# Is there any faster way to rounding a tensor?

Run:
`torch.round(torch.tensor([-0.6, -0.5, -0.4, 0.4, 0.5, 0.6]))`

Got:
`tensor([-1., -0., -0., 0., 0., 1.])`.

Expect:
`tensor([-1., -1., -0., 0., 1., 1.])`.

I try:

``````x = torch.tensor([-0.6, -0.5, -0.4, 0.4, 0.5, 0.6])
x[x > 0] = torch.floor(x[x > 0] + 0.5)
x[x < 0] = torch.ceil(x[x < 0] - 0.5)
``````

But it is too slow.
Run this code on 2080TI,

``````import torch
import time

x = torch.rand(3, 64, 128, 128).float() * 10 - 5
x = x.cuda()
tic = time.time()
x[x > 0] = torch.floor(x[x > 0] + 0.5)
x[x < 0] = torch.ceil(x[x < 0] - 0.5)
toc = time.time()
print(toc - tic)  # 0.008876 (if use torch.round, it will be 0.0006)
``````

So, is there any faster way to rounding a tensor in my way(`0.5 -> 1` and `-0.5 -> -1`)?
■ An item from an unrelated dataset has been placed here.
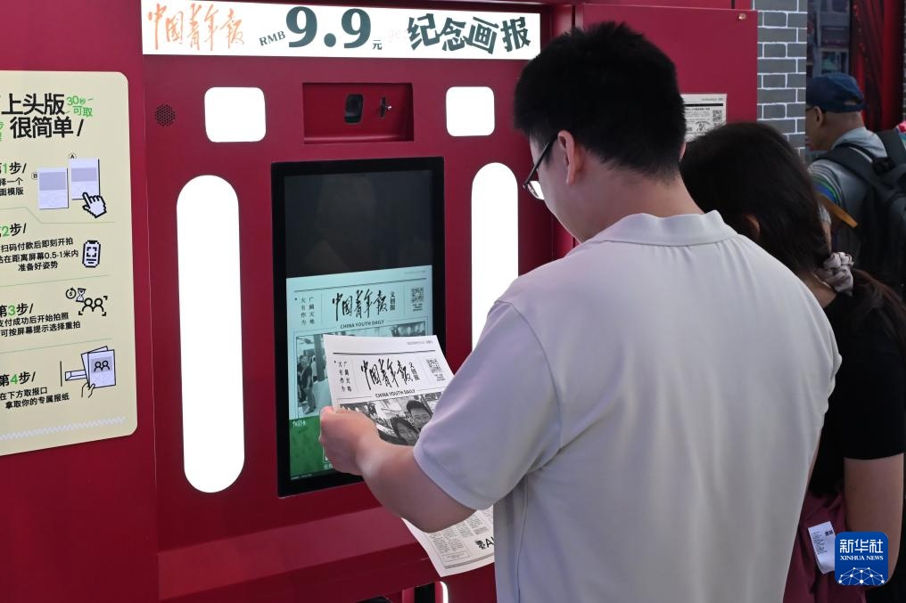 9月12日,参观者在文旅服务专题展区制作纪念画报。

OK, finally I build a cpp extension to solve this problem.
But I am also intersted in the python solution

You can always add `1e-6` to your original Tensor
That should only add a single element-wise operation over the Tensor and won’t have such a bad overhead.

``````x = torch.tensor([-0.6, -0.5, -0.4, 0.4, 0.5, 0.6])
y = torch.round(x + 1e-6)  # [-1., -0., -0., 0., 1., 1.]
y = torch.floor(x + 1e-6)  # [-1., -1., -1., 0., 0., 0.]
y = torch.ceil(x + 1e-6)  # [-0., -0., -0., 1., 1., 1.]
``````

All of them are not `[-1., -1., -0., 0., 1., 1.]`.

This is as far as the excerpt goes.